***** Dataset extract

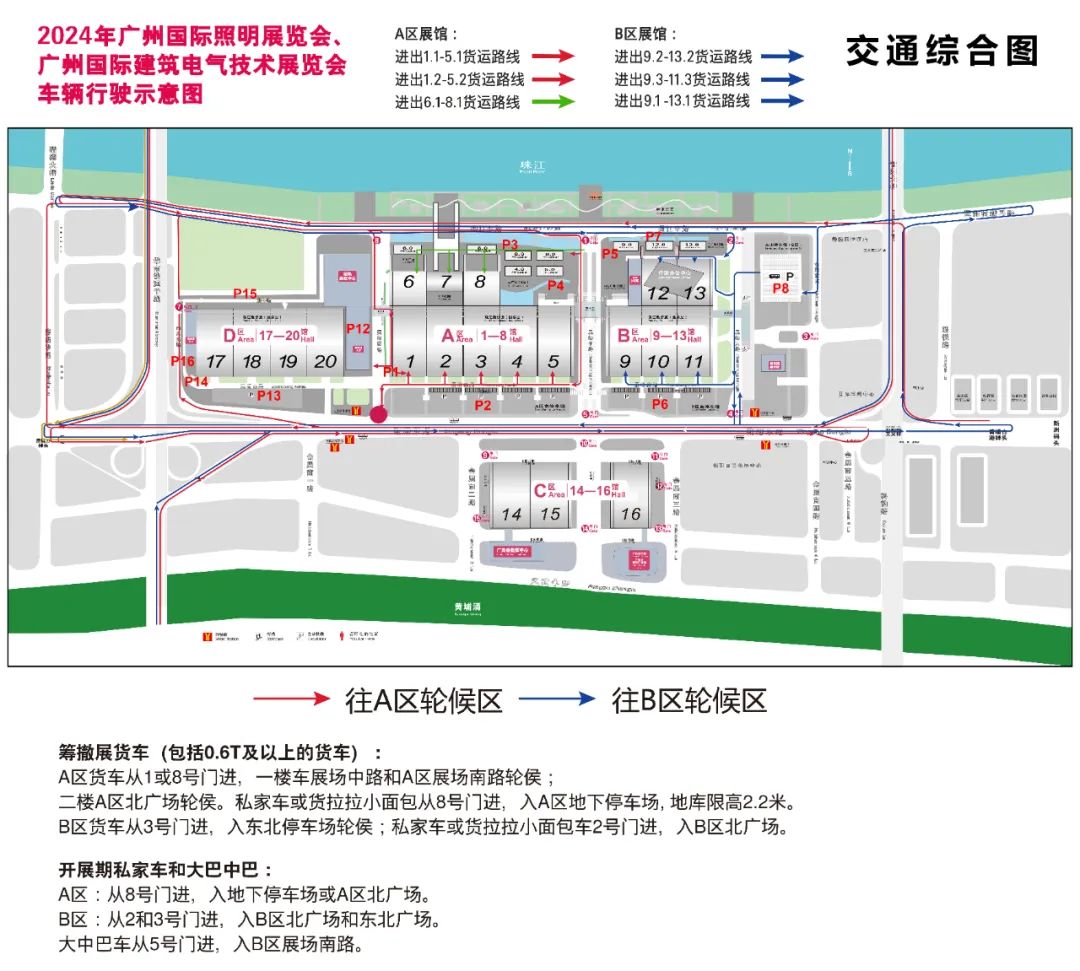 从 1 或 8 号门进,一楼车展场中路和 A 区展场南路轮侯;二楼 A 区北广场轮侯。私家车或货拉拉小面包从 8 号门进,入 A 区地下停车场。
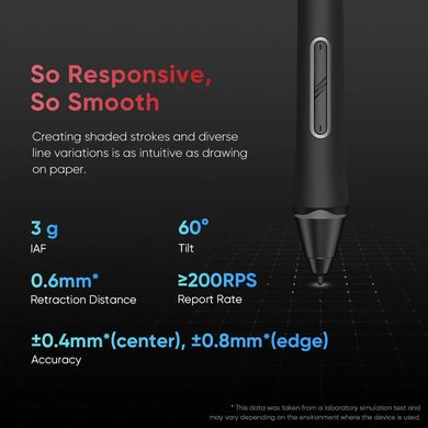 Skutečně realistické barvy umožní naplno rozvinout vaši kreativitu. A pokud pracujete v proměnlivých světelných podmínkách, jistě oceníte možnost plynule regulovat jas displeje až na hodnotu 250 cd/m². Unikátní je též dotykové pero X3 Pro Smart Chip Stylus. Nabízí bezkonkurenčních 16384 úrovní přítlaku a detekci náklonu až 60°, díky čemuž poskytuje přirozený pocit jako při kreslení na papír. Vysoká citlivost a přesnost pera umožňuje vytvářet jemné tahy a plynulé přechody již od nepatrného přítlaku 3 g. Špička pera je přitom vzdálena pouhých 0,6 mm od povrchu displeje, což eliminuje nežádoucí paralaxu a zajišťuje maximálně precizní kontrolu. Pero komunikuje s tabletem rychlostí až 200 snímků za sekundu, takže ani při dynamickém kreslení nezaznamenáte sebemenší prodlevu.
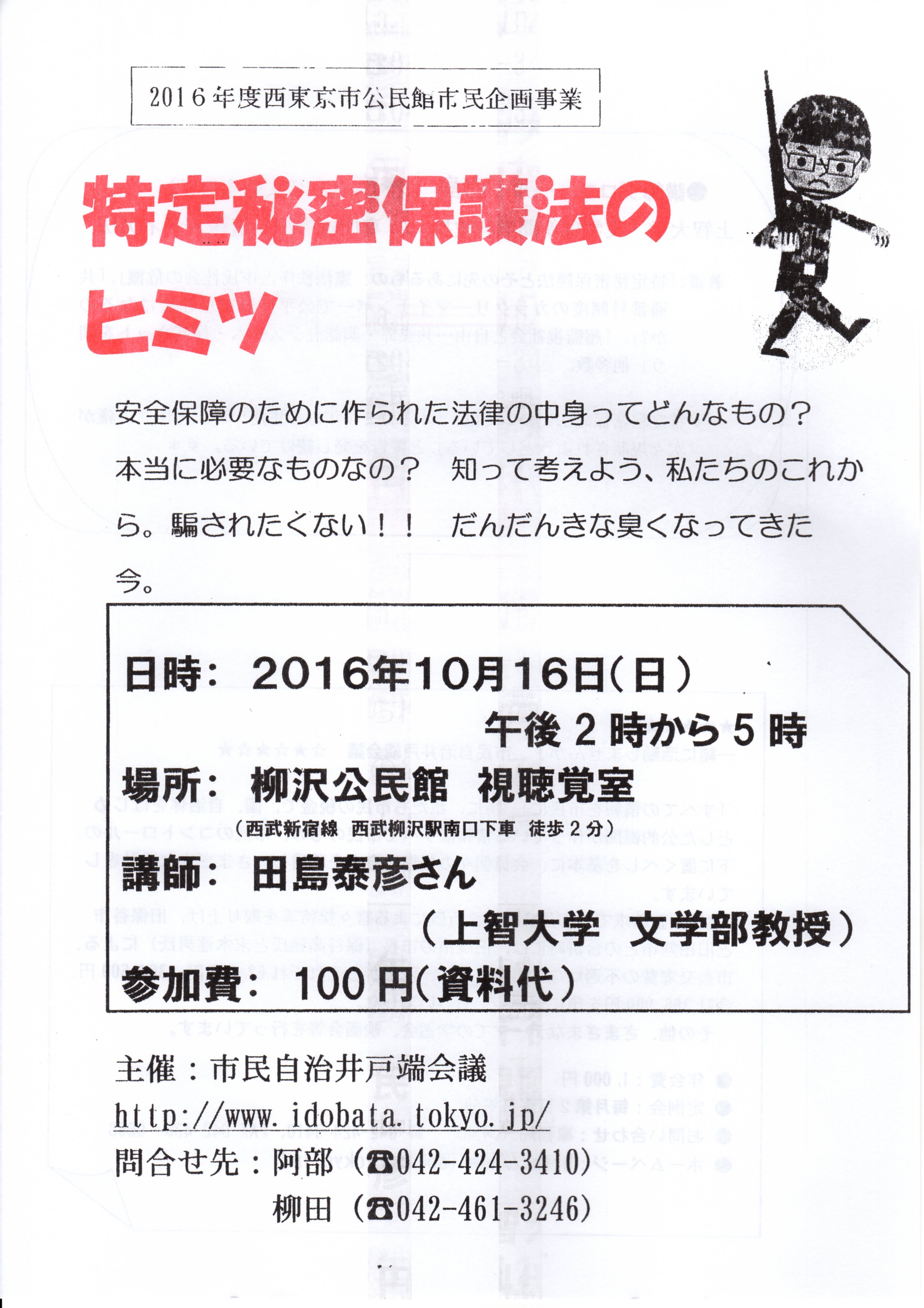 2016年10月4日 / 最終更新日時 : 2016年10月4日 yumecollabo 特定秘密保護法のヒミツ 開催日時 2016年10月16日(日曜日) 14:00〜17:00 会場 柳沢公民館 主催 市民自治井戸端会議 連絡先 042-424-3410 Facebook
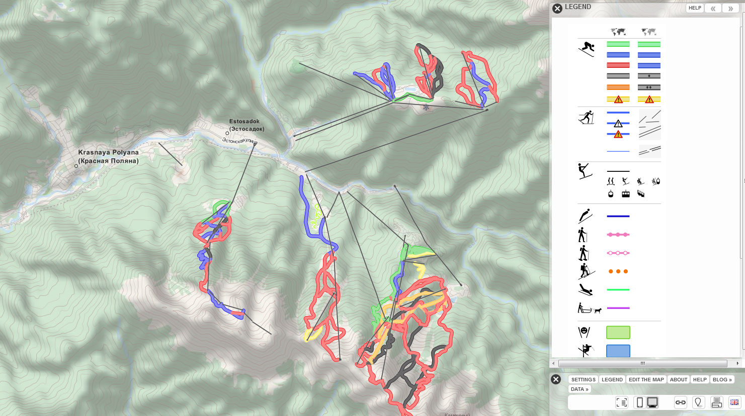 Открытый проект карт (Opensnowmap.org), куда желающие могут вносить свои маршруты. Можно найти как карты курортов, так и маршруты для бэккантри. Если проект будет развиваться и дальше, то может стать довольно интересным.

**********

▶ **Task directions**:
The expected answer is the whole listing above, copied exactly, with images excluded.

▶ **Your response**:
 从 1 或 8 号门进,一楼车展场中路和 A 区展场南路轮侯;二楼 A 区北广场轮侯。私家车或货拉拉小面包从 8 号门进,入 A 区地下停车场。
 Skutečně realistické barvy umožní naplno rozvinout vaši kreativitu. A pokud pracujete v proměnlivých světelných podmínkách, jistě oceníte možnost plynule regulovat jas displeje až na hodnotu 250 cd/m². Unikátní je též dotykové pero X3 Pro Smart Chip Stylus. Nabízí bezkonkurenčních 16384 úrovní přítlaku a detekci náklonu až 60°, díky čemuž poskytuje přirozený pocit jako při kreslení na papír. Vysoká citlivost a přesnost pera umožňuje vytvářet jemné tahy a plynulé přechody již od nepatrného přítlaku 3 g. Špička pera je přitom vzdálena pouhých 0,6 mm od povrchu displeje, což eliminuje nežádoucí paralaxu a zajišťuje maximálně precizní kontrolu. Pero komunikuje s tabletem rychlostí až 200 snímků za sekundu, takže ani při dynamickém kreslení nezaznamenáte sebemenší prodlevu.
 2016年10月4日 / 最終更新日時 : 2016年10月4日 yumecollabo 特定秘密保護法のヒミツ 開催日時 2016年10月16日(日曜日) 14:00〜17:00 会場 柳沢公民館 主催 市民自治井戸端会議 連絡先 042-424-3410 Facebook
 Открытый проект карт (Opensnowmap.org), куда желающие могут вносить свои маршруты. Можно найти как карты курортов, так и маршруты для бэккантри. Если проект будет развиваться и дальше, то может стать довольно интересным.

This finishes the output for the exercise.